M: It’s this . . . upper-respiratory thing . . .

After a few ticks on the clock (seconds and stuff)

B: Well can I get fifty cent so that I can get something to drink?
M: Oh – yeah sure – I think that I have (end up pulling seventy-five cents out of my pocket!) – ooh yeah – I have seventy-five.

And then I stand there with the money in my hand – with him still standing across the street . . .

M:Well?! Here it is – come get it . . .

There was no – no – no way that I was going to cart his money all the way to his side of the street . . .

B: Oh – thanks (and then he comes over to my side of the street)
M: So what is your name anyway?!
B: Barry –
M: Well Barry – my name is Nat – and I live over that-a-way – down there a bit. Uhm . . . it was nice to meet you . . . (and then we exchange a kind of weak weak “pound” type of thing)

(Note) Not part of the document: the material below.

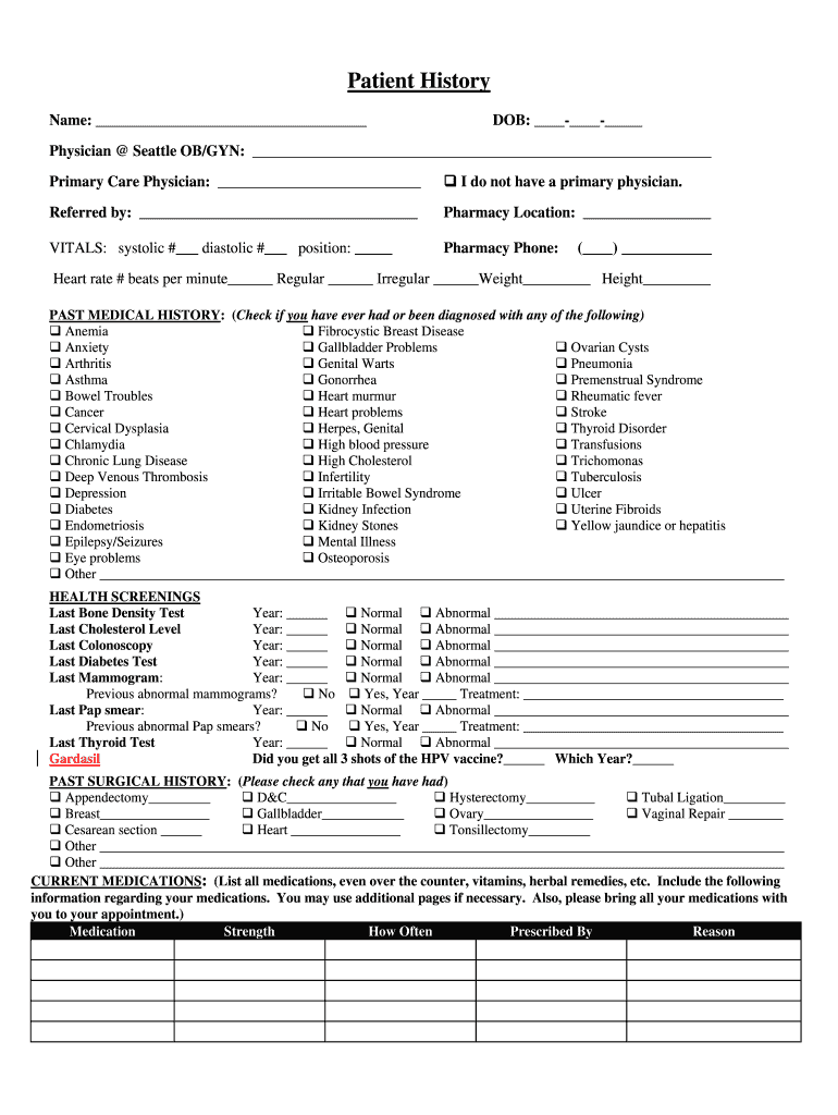 Patient History - Seattle is not the form you're looking for?Search for another form here.

Then Barry started to walk down the street – (back back) from the way that I came . . .

B: (He turned back towards me – only a few feet away at this point) Hey man . . . you take care of yourself with that . . .
M: ahrm . . . thanks Barry – – thanks a lot. I will.

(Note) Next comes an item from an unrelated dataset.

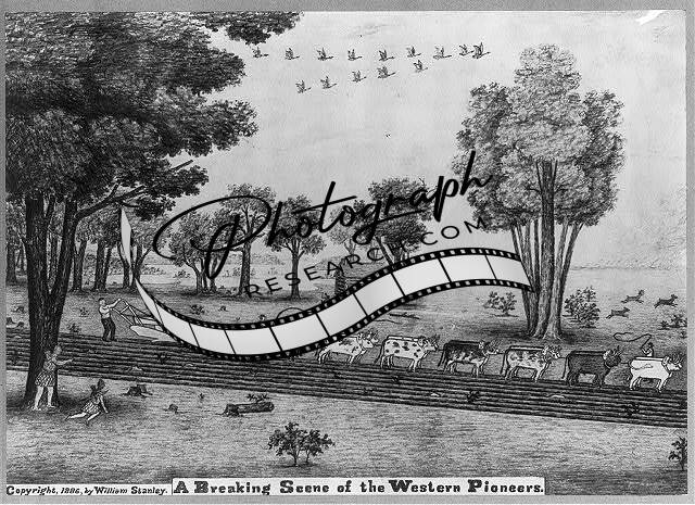 Western Pioneers,men plowing,cattle,log cabin,indians

And then we parted ways. My favorite part of the whole exchange was that at a couple of points – – I managed to throw in some little **cough coughs** – – to I guess push forth the whole “upper-respiratory problem” that I was having . . .

That was the last time that I ever saw Barry. But I can’t help but think that if Id see him again – it might just spoil things (a bit). Fare thee well – friend Barry – and may your upper-respiratory system always find good health!